A simple hypothesis test would be to compare the subject-level mean goal attainment $\bar{x}i = \frac{1}{n_i} \sum x{ij}$ in the two groups via a Welch's $t$-test (allowing for unequal variance):

gas_data_mean <- gas_data %>%
  group_by(subject_id, group) %>%
  summarise(
    mean_score_discrete = mean(score_discrete),
    .groups = "drop"
  )
t.test(
  mean_score_discrete ~ group,
  data = gas_data_mean,
  alternative = "two.sided", var.equal = FALSE
)

In this case, the difference was statistically significant at $\alpha = 0.05$.

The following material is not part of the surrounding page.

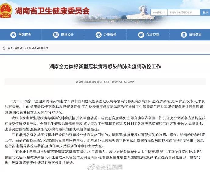 湖南确诊首例新型肺炎
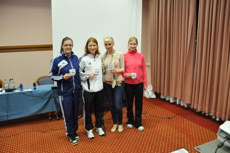 Na sliki FIFA sodnice oz. pomočnice sodnice Petra Bombek, Tanja Subotič, Aleksandra Česen in Petra Sever.

We can repeat this, say, 10000 times, run $t$-tests, and get the $p$ values:

set.seed(21)

gas_sims <-
  tibble(
    sim = 1:10000,
  ) %>%
  mutate(
    data = map(
      sim,
      ~sim_trial(
        n_subjects = 40, sigma_u = sqrt(var_u),
        group_allocation = list("control" = 0.5, "treatment" = 0.5),
        random_allocation = FALSE,
        n_goals_range = c(1, 5), sigma_e = sqrt(var_e),
        delta = 0.3, mean_control_response = -0.3,
        n_levels = 5
      ) %>%
        group_by(subject_id, group) %>%
        summarise(mean_score_discrete = mean(score_discrete),
                  .groups = "drop")
    )
  )
# Run t-tests on every simulation
gas_sims_ttest <- gas_sims %>%
  transmute(
    sim,
    ttest = map(
      data,
      ~t.test(mean_score_discrete ~ group,
              data = .,
              alternative = "two.sided", var.equal = FALSE)
    )
  ) %>%
  mutate(ttest = map(ttest, broom::tidy)) %>%
  unnest(ttest)

(This took about 8 minutes to run, for reference).

# readr::write_rds(
#   gas_sims_ttest,
#   here::here("inst", "extdata", "gas-sims-ttest.rds")
# )

# To save time while building the vignette, the results of the simulation
#  were saved separately
gas_sims_ttest <- readr::read_rds(
  system.file("extdata/gas-sims-ttest.rds", package = "gasr")
)

glimpse(gas_sims_ttest)

Count the $p$ values according to significance level $\alpha = 0.05$:

gas_sims_ttest %>% count(p.value < 0.05)

A total of r sum(gas_sims_ttest$p.value < 0.05) of these simulations (r scales::percent(mean(gas_sims_ttest$p.value < 0.05))) returned a $p$ value <0.05. And so the power to detect a significant treatment effect in this scenario is r scales::percent(mean(gas_sims_ttest$p.value < 0.05)) when using a $t$-test on per-subject means.